● **DATA FOR THE TASK**:
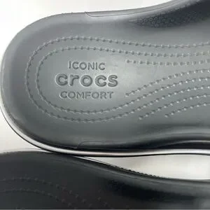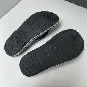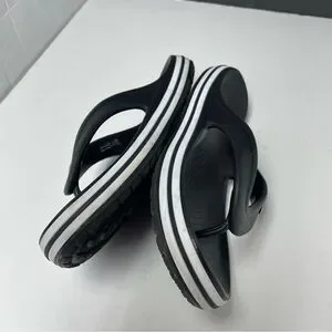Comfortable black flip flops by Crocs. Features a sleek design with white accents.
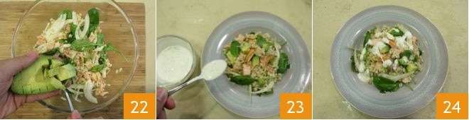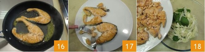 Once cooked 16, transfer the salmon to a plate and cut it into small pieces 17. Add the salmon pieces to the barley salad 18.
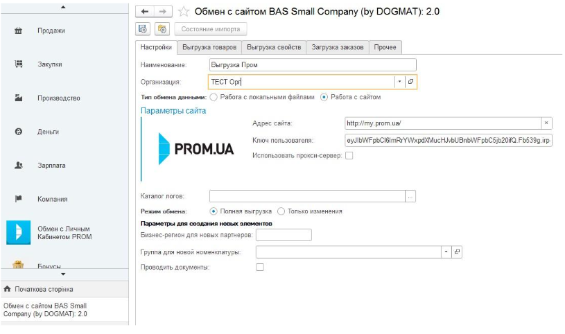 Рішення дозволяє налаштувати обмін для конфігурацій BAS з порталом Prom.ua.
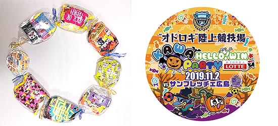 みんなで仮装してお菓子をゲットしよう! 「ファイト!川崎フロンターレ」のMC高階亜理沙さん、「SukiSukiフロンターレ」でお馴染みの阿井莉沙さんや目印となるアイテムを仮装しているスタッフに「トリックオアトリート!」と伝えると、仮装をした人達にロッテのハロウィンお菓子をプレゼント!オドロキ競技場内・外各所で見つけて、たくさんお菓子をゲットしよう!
---
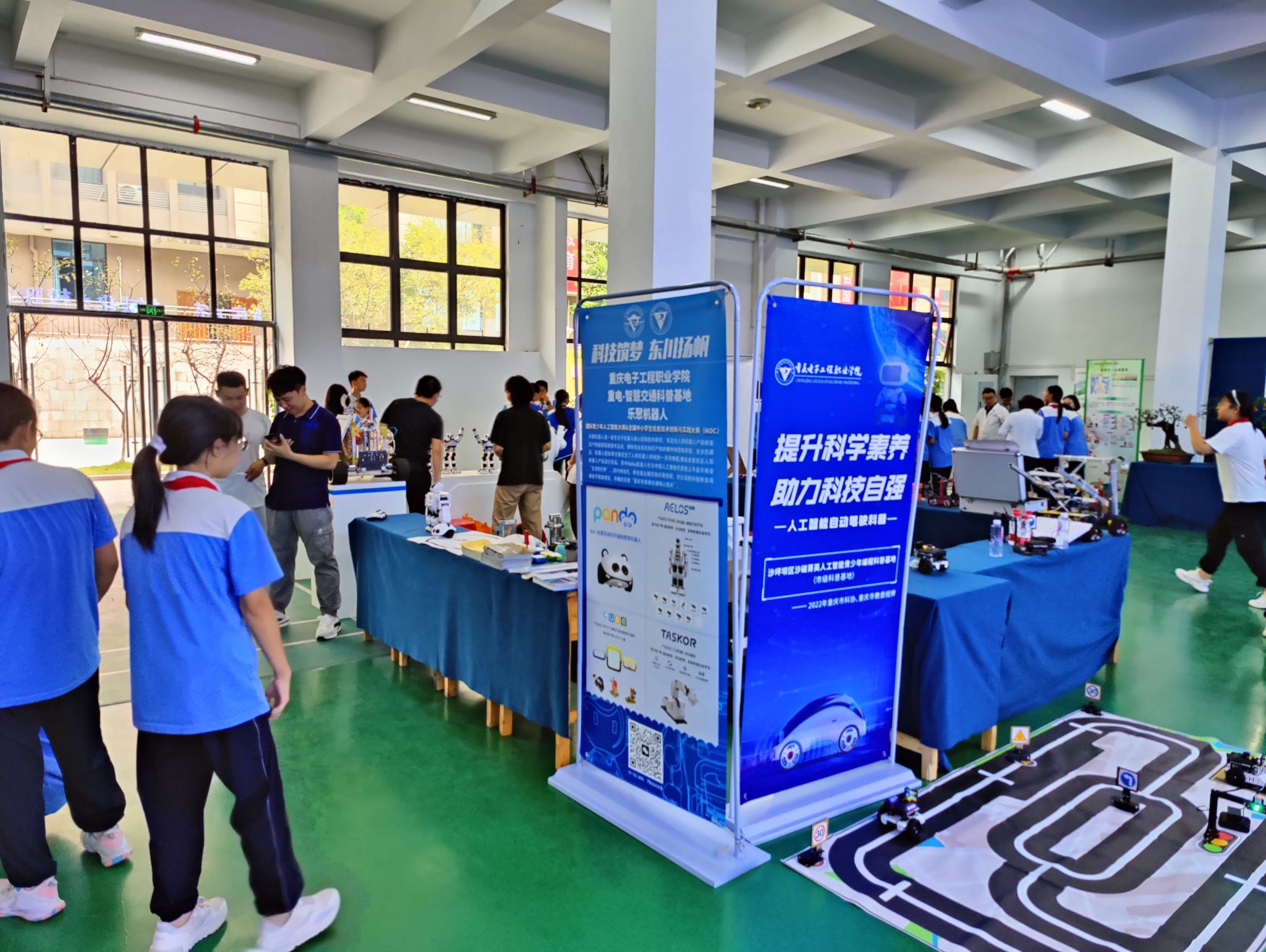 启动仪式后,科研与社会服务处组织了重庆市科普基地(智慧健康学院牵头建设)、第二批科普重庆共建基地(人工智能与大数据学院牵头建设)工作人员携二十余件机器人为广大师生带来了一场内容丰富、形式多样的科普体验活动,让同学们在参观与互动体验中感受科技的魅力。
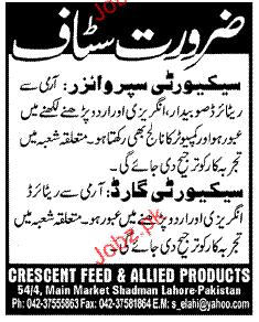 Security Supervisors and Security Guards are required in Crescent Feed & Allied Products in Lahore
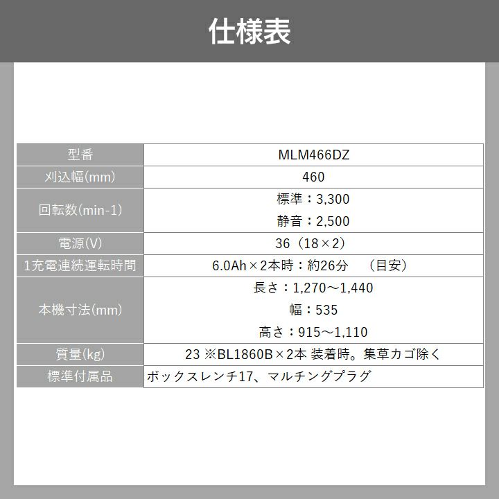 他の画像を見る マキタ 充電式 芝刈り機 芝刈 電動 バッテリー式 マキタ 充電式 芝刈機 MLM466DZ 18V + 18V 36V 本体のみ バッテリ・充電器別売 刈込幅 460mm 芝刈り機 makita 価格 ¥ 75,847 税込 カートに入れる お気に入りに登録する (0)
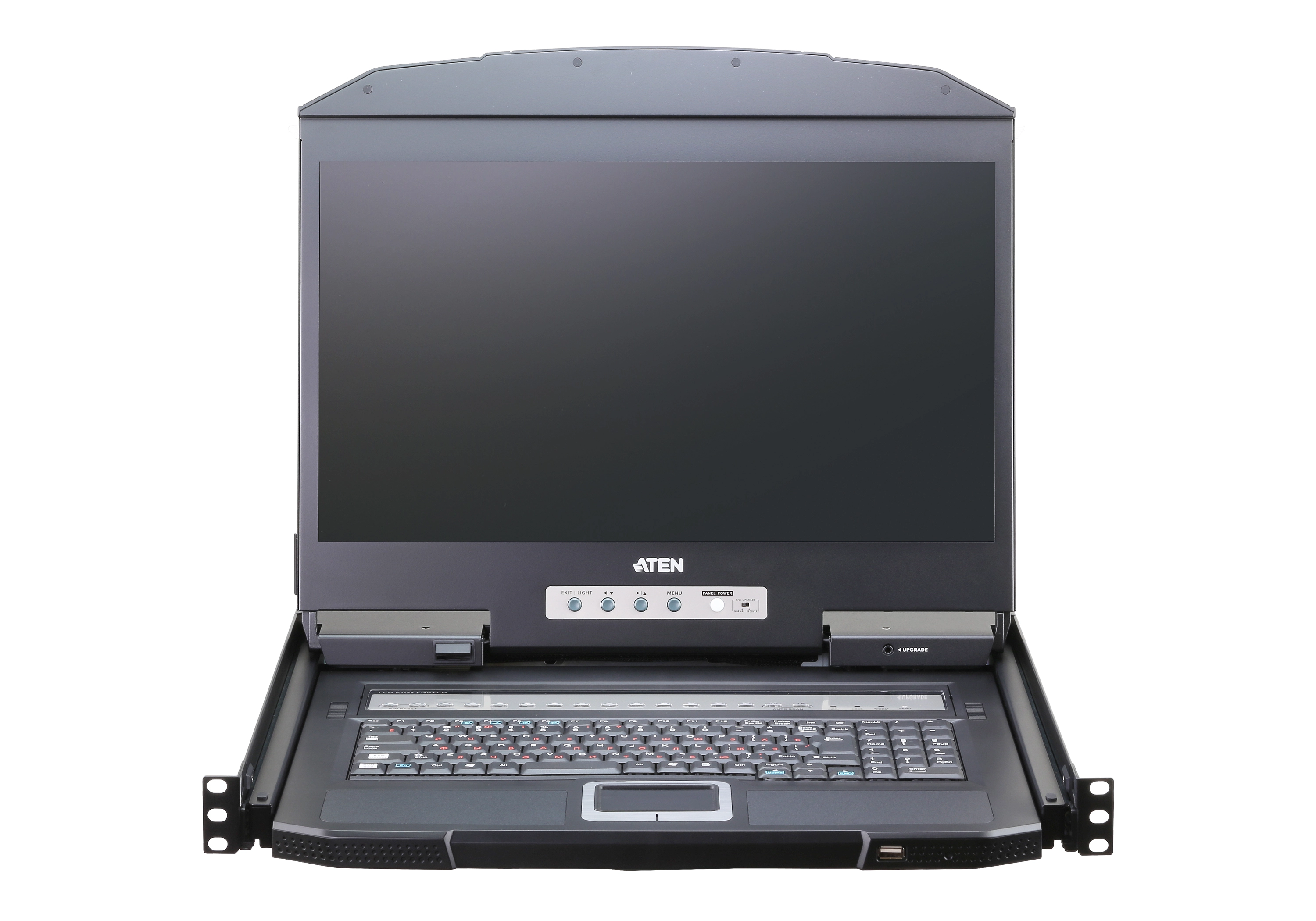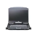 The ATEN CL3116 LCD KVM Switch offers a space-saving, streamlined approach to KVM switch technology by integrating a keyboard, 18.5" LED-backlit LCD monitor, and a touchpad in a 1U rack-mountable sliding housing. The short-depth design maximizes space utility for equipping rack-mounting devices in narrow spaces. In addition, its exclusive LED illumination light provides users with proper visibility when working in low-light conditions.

● **YOUR GOAL**:
Between and including the line with "启动仪式后,科研与社会服务处" and the line with "The ATEN CL3116", repeat every line exactly as it appears above, with pictures left out.

● **SOLUTION FOR THIS TASK**:
 启动仪式后,科研与社会服务处组织了重庆市科普基地(智慧健康学院牵头建设)、第二批科普重庆共建基地(人工智能与大数据学院牵头建设)工作人员携二十余件机器人为广大师生带来了一场内容丰富、形式多样的科普体验活动,让同学们在参观与互动体验中感受科技的魅力。
 Security Supervisors and Security Guards are required in Crescent Feed & Allied Products in Lahore
 他の画像を見る マキタ 充電式 芝刈り機 芝刈 電動 バッテリー式 マキタ 充電式 芝刈機 MLM466DZ 18V + 18V 36V 本体のみ バッテリ・充電器別売 刈込幅 460mm 芝刈り機 makita 価格 ¥ 75,847 税込 カートに入れる お気に入りに登録する (0)
 The ATEN CL3116 LCD KVM Switch offers a space-saving, streamlined approach to KVM switch technology by integrating a keyboard, 18.5" LED-backlit LCD monitor, and a touchpad in a 1U rack-mountable sliding housing. The short-depth design maximizes space utility for equipping rack-mounting devices in narrow spaces. In addition, its exclusive LED illumination light provides users with proper visibility when working in low-light conditions.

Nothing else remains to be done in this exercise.